Yeah, I had a suspicion that this might have to do with invalidation
messages based on Thom's description, but I think we still need to
track down which commit is at fault.

--
Robert Haas
EnterpriseDB: http://www.enterprisedb.com
The Enterprise PostgreSQL Company

Re: Breakage with VACUUM ANALYSE + partitions

From

Michael Paquier

Date:

25 March 2016, 15:41:57

On Thu, Mar 24, 2016 at 9:40 PM, Robert Haas <robertmhaas@gmail.com> wrote:
> On Thu, Mar 24, 2016 at 12:59 AM, Haribabu Kommi
> <kommi.haribabu@gmail.com> wrote:
>> So further operations on the table uses the already constructed smgr relation
>> and treats that there are RELSEG_SIZE number of blocks in the page and try
>> to do the scan. But there are 0 pages in the table thus it produces the error.
>>
>> The issue doesn't occur from another session. Because of this reason only
>> if we do only vacuum operation, the error not occurred.
>
> Yeah, I had a suspicion that this might have to do with invalidation
> messages based on Thom's description, but I think we still need to
> track down which commit is at fault.

I could reproduce the failure on Linux, not on OSX, and bisecting the
failure, the first bad commit is this one:
commit: 428b1d6b29ca599c5700d4bc4f4ce4c5880369bf
author: Andres Freund <andres@anarazel.de>
date: Thu, 10 Mar 2016 17:04:34 -0800
Allow to trigger kernel writeback after a configurable number of writes.

The failure is a little bit sporadic, based on my tests 1/2 runs out
of 10 could pass, so one good commit was recognized as such after
passing the SQL sequence sent by Thom 5 times in a row. I also did
some manual tests and those are pointing to this commit as well.

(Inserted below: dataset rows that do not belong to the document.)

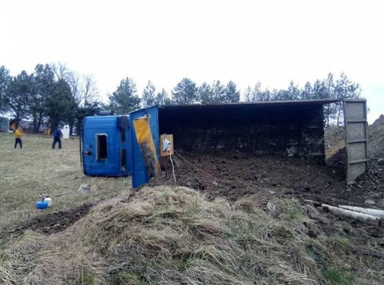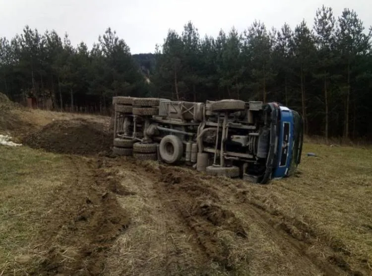 Do zdarzenia doszło na jednej z działek podczas wysypywania ziemi. Ciężarówka przewróciła się na lewy bok.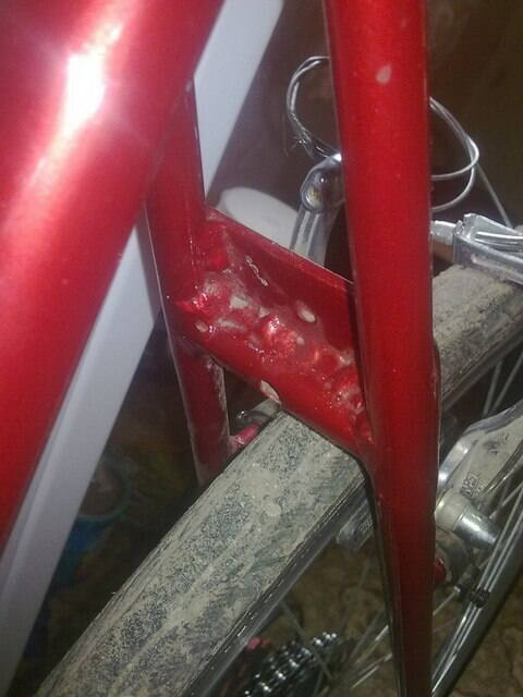 Ещё некоторые важные моментыПри работе важно помнить, какие части рамы как сильно нагружены. Наиболее нагружены концы нижней наклонной трубы - поэтому нужно особенно тщательно следить за качеством сварного шва (на дорожных рамах), маркой припоя, температурным режимом и т.д. как при ремонте трубы, так и при напайке или наварке бонок . Лучше вообще избегать паяльных, и тем более, сварочных работ в этих местах без нужды.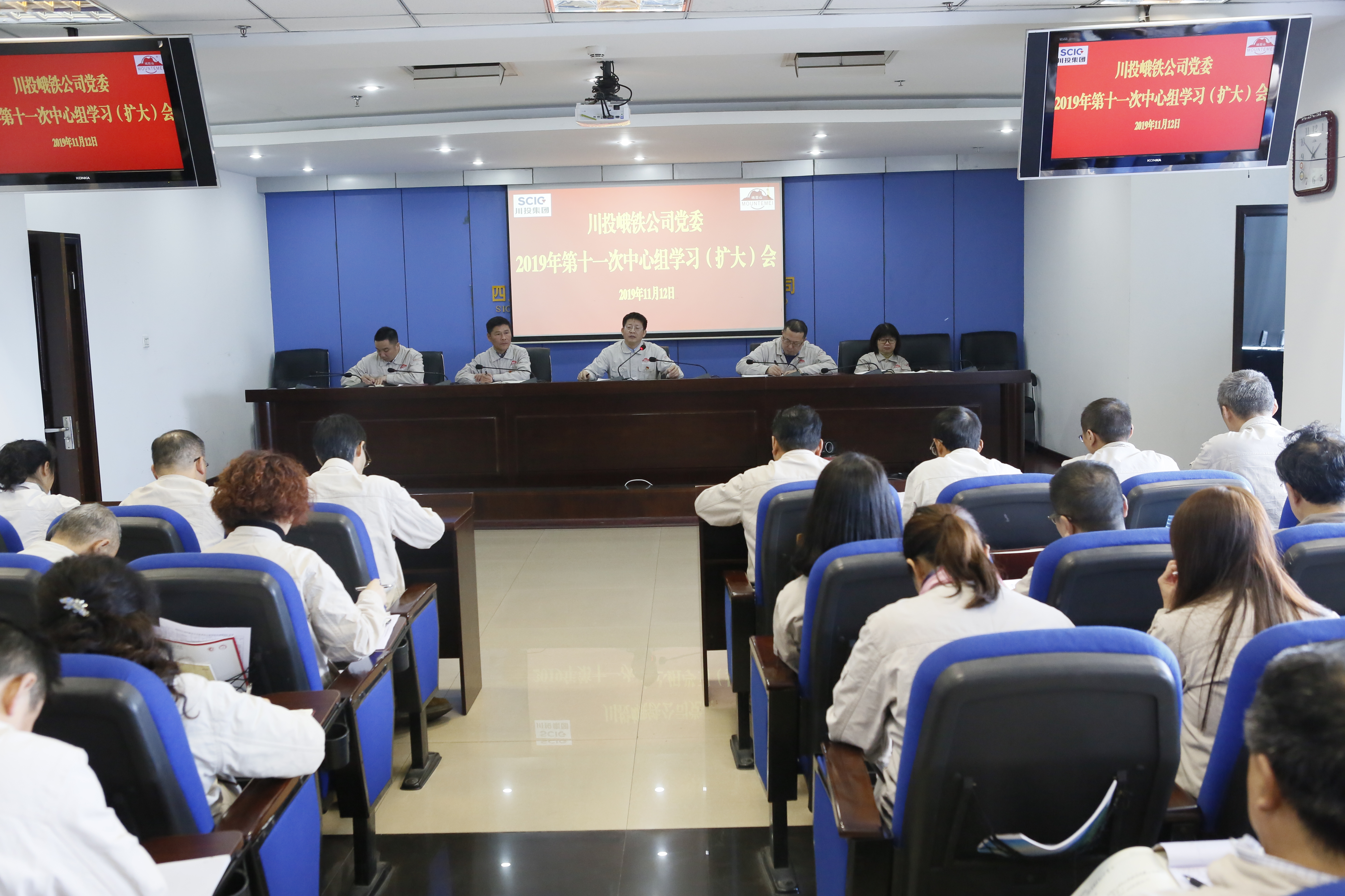 11月12日,川投峨鐵公司黨委在1011會(huì)議室召開2019年第十一次理論學(xué)習(xí)中心組學(xué)習(xí)(擴(kuò)大)會(huì),專題傳達(dá)學(xué)習(xí)黨的十九屆四中全會(huì)精神,公司在家領(lǐng)導(dǎo)、后備及以上中層管理人員共54人參加。

I am adding Fabien and Andres in CC for some feedback.
--
Michael

Re: Breakage with VACUUM ANALYSE + partitions

From

Thom Brown

Date:

25 March 2016, 16:26:16

On 25 March 2016 at 12:41, Michael Paquier <michael.paquier@gmail.com> wrote:
> On Thu, Mar 24, 2016 at 9:40 PM, Robert Haas <robertmhaas@gmail.com> wrote:
>> On Thu, Mar 24, 2016 at 12:59 AM, Haribabu Kommi
>> <kommi.haribabu@gmail.com> wrote:
>>> So further operations on the table uses the already constructed smgr relation
>>> and treats that there are RELSEG_SIZE number of blocks in the page and try
>>> to do the scan. But there are 0 pages in the table thus it produces the error.
>>>
>>> The issue doesn't occur from another session. Because of this reason only
>>> if we do only vacuum operation, the error not occurred.
>>
>> Yeah, I had a suspicion that this might have to do with invalidation
>> messages based on Thom's description, but I think we still need to
>> track down which commit is at fault.
>
> I could reproduce the failure on Linux, not on OSX, and bisecting the
> failure, the first bad commit is this one:
> commit: 428b1d6b29ca599c5700d4bc4f4ce4c5880369bf
> author: Andres Freund <andres@anarazel.de>
> date: Thu, 10 Mar 2016 17:04:34 -0800
> Allow to trigger kernel writeback after a configurable number of writes.
>
> The failure is a little bit sporadic, based on my tests 1/2 runs out
> of 10 could pass, so one good commit was recognized as such after
> passing the SQL sequence sent by Thom 5 times in a row. I also did
> some manual tests and those are pointing to this commit as well.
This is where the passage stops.